July 13, 2016
This post is Part IV of the “IoT… are we all doing it wrong?” series. Check out Part I, Part II, and Part III then come back next week for Part V, a post about appropriately scaling your IoT projects for success.
“Every large system that works started as a small system that worked.” – Anonymous
IoT product teams have a vast array of technologies at their disposal to create the “next big thing”. These systems are complex and have many various layers to their architectures. The solutions are made up of edge devices, which are comprised of hardware and firmware. These edge devices are connected to a cloud platform, either directly or via gateway connections. Often times a mobile application is in the mix that connects directly to the edge device via a Bluetooth connection, as well as through cloud connectivity. The cloud architecture is a combination of technologies for handling device / mobile / connectivity, device management, authentication, web applications and data analytics. As you can see from this diagram, these systems can have numerous different components and interaction models.
The expectation is that a small team of individuals with a broad set of skills will build, deploy, and maintain these globally deployed IoT systems over a period of years. Consumer’s expectations of systems that are both physical and digital are higher, as well.
So how do we build and maintain a much more complex product in an environment that is much more demanding, with less resources?
Start with a test.
Yes, that is right.
Take a layered testing approach
It will seem like additional work that is taking velocity away from actual code production, but you will thank me soon.
Start with test driven development. Turn the requirements into actual tests that can be run via a test harness, then write the code that passes those tests. As the code evolves, keep the existing tests, write new tests and then modify the code. Teams will find that the code will be easier to maintain and validate as time goes by.
Testing will take many forms. Create unit tests for your smallest unit of code. Things start to get interesting in the IoT world when teams want to take it to the next level and develop integration tests. Think of this as writing code that validates how logical systems or layers in your architecture would interact with each other. If you recall the above diagram, how do teams develop integration tests for all these pieces of software and hardware components? That is where things get a bit complex. Different strategies can be employed depending on the layer the team needs to test.
The edge device firmware can be tested via a hardware-in-the-loop simulation. Software device emulators can be developed so that cloud and mobile software teams can build their systems before edge devices are available. These emulators can also be utilized for integration tests for validation.
Most modern IoT cloud platforms allow teams to script out their complete environments. Integration tests can be built so that environments and states required to run the tests can be deployed at the time of the test and deconstructed after the tests are complete.
Having a good foundation of unit tests and integration tests take the burden off of system testing. This test coverage will find issues before the they make it into QA. This will reduce the amount of bug fix churn that can occur during the latter portions of a release cycle. Having these mechanisms in place, however, does not replace the need to perform good system testing. System testing can take several forms including the following: ad-hoc testing, scripted UI testing, performance testing, regression testing, and other testing techniques.
So, when should teams test?
Teams need to test often or at least every time they want to commit code. The sooner a bug is found, the cheaper it is to fix. If a developer finds an issue and fixes it before a commit, it is going to be much cheaper than if it is found in production by an end user. Unit tests and integration tests should be runnable against code that is uncommitted by developers.
Continuous build systems should also be used so that a team development branch of code can be validated at each commit. This automated system performs the builds, runs unit tests, runs integration tests and deploys newly committed codebase to a common development environment.
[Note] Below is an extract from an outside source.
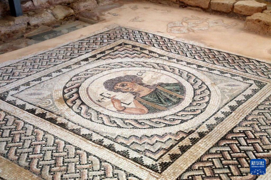 这是9月6日在塞浦路斯利马索尔附近的库伦考古遗址拍摄的公共浴室地面的马赛克砖。新华社记者 郭明芳 摄

How do you deal with multiple mobile platforms?
Mobile applications present new challenges to developers. Often times, developers are expected to target both the Android and iOS platforms. They are also expected to support multiple form factors/hardware revisions, as well as OS revisions. The testing matrix in these scenarios is nightmarish at best. Fortunately, there are options to address these issues. Xamarin’s Test Cloud allows development teams to automatically deploy their mobile apps to an almost endless combination of mobile platforms and run automated system testing. This will uncover any issues that may arise across a broad range of mobile configurations.
Why is it important to set up testing procedures from the very beginning of a project?
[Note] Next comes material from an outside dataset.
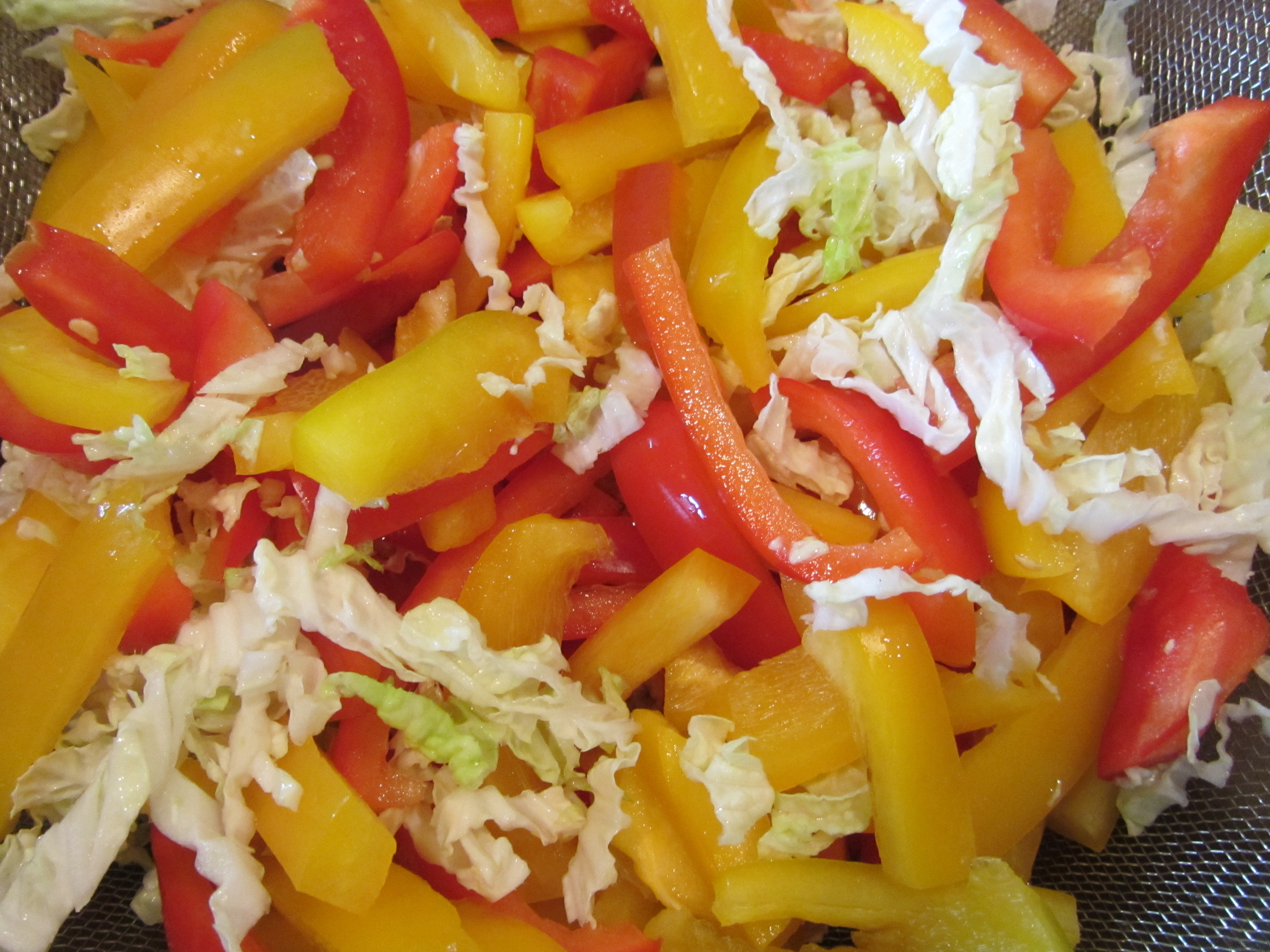 Shredded Napa cabbage, along with bell peppers, set aside to drain.

Developing testing approaches, processes and automations are key for teams to reliably develop and maintain IoT solutions. Testing coverage acts as a force multiplier and mitigates the increasing risk of code / system complexity.
One can imagine a scenario where a system has been in production over a year. The team is informed that an 3rd party API that their cloud business logic relies on, is changing. The developer gets the latest version of code and is a bit uneasy to make the change. She hasn’t worked with the section of code that requires the change. However, she looks at the code, the change seems simple enough, and determines with analysis that it is probably a five minute change.
Just before committing the change, the developer dutifully runs the unit testing and the integration testing locally. The process runs for about two minutes. As the progress bar runs, each of the unit tests come back as green, then the process moves on to the integration testing. The first few tests are green, but suddenly there is a red indicator that shows a failure. At that point the developer quickly jumps into action and discovers that the new code change has to be implemented slightly differently to ensure that the system as a whole runs reliably. A two minute tweak, all the code passes the unit tests, integration tests and a shake down testing finally the code is committed. Having the testing infrastructure in place just saved everyone a ton of effort and heart ache.